Les échéances de loyer n’étant pas régulièrement payées, un commandement de payer rappelant la clause résolutoire insérée au bail a été délivré à M. M. [U] [I] le 20/02/2024 concernant un arriéré locatif d’un montant de 4269,4 euros en principal.
Par actes d’huissier en date du 16/08/2024, M. [H] [R] a fait assigner M. [U] [I] et Mme [S] [I] aux fins de voir, sous le bénéfice de l’exécution provisoire :
Déclarer opposable à Mme [S] [I] les effets du bail du 25/03/2022 et du commandement de payer du 20/02/2024 ;constater la résiliation du bail par acquisition de la clause résolutoire ;ordonner l’expulsion de M. [U] [I] et Mme [S] [I] ainsi que tous occupants de leur chef avec le concours de la force publique et l’assistance d’un serrurier, à peine d’astreinte de 150 euros par jour de retard à compter de la date de signification de la décision à intervenir ;dire que le propriétaire pourra entreposer les meubles et objets mobiliers se trouvant dans les lieux dans tout garde meuble de son choix aux frais, risques et péril de M. [U] [I] et Mme [S] [I] ;condamner solidairement M. [U] [I] et Mme [S] [I] au paiement à titre provisionnel :d’une somme de 8826,84 euros au titre de l’arriéré locatif, avec intérêts au taux légal à compter du 20/02/2024 sur la somme de 4269,4 euros et de l’assignation pour le surplus ;d’une indemnité d’occupation mensuelle égale à la somme de 1000 euros à compter de la résiliation jusqu’à libération effective des lieux ;d’une somme de 3500 euros au titre de l’article 700 du code de procédure civile, outre les dépens incluant le coût du commandement de payer.

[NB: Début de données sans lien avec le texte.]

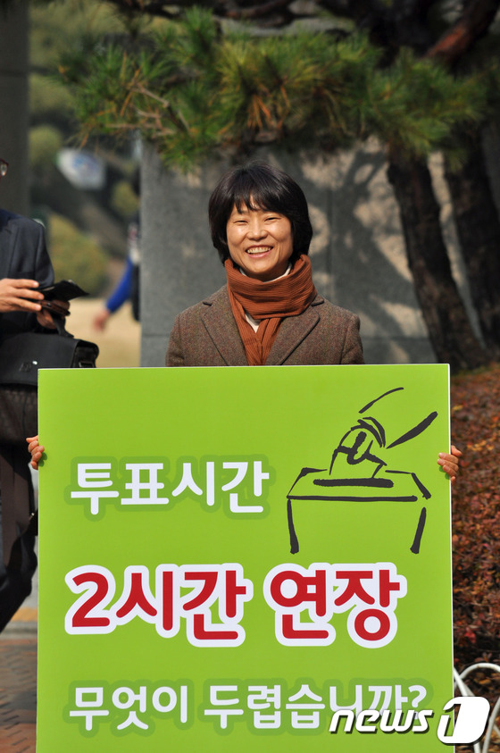 민주통합당 대전시당 선거대책위원회 산하 시민캠프(이하 시민캠프)와 안철수 후보를 지지하는 시민조직인 내일포럼이 9일 오후 12시 대전시청 인근을 비롯한 관내 15개 거점에서 투표시간 연장을 촉구하는 릴레이 1인 시위를 전개했다.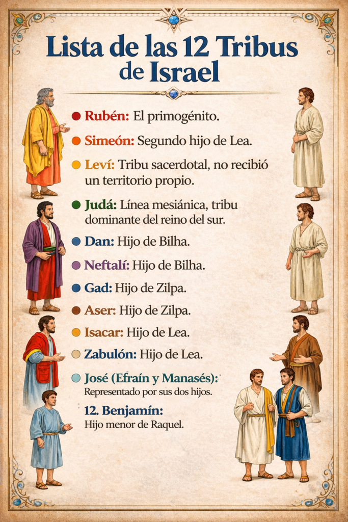 Nombres de los hijos de Jacob que llegaron a constituir las Doce Tribus de Israel: Rubén, Simeón, Leví (los levitas o tribu del sacerdocio), Judá, de la cual proviene Jesús, Dan, Neftalí, Gad, Aser, Isacar, Zabulón; la tribu de José es constituida por sus dos hijos, Manasés y Efraín, haciéndola una sola tribu; y finalmente el pequeño Benjamín.

Il expose dans sa citation que le bail a été conclu avec M. [U] [I] seul mais que le commandement de payer a été délivré par le commissaire de justice instrumentaire à tiers présent à domicile et plus précisément à Mme [S] [I] en sa qualité « d’épouse ainsi déclarée » ; que les effets du bail et de la procédure lui sont donc opposables sur le fondement de l’article 1751 du code civil, faute de démarche positive de M. [U] [I] pour porter à la connaissance du bailleur son nouveau statut marital.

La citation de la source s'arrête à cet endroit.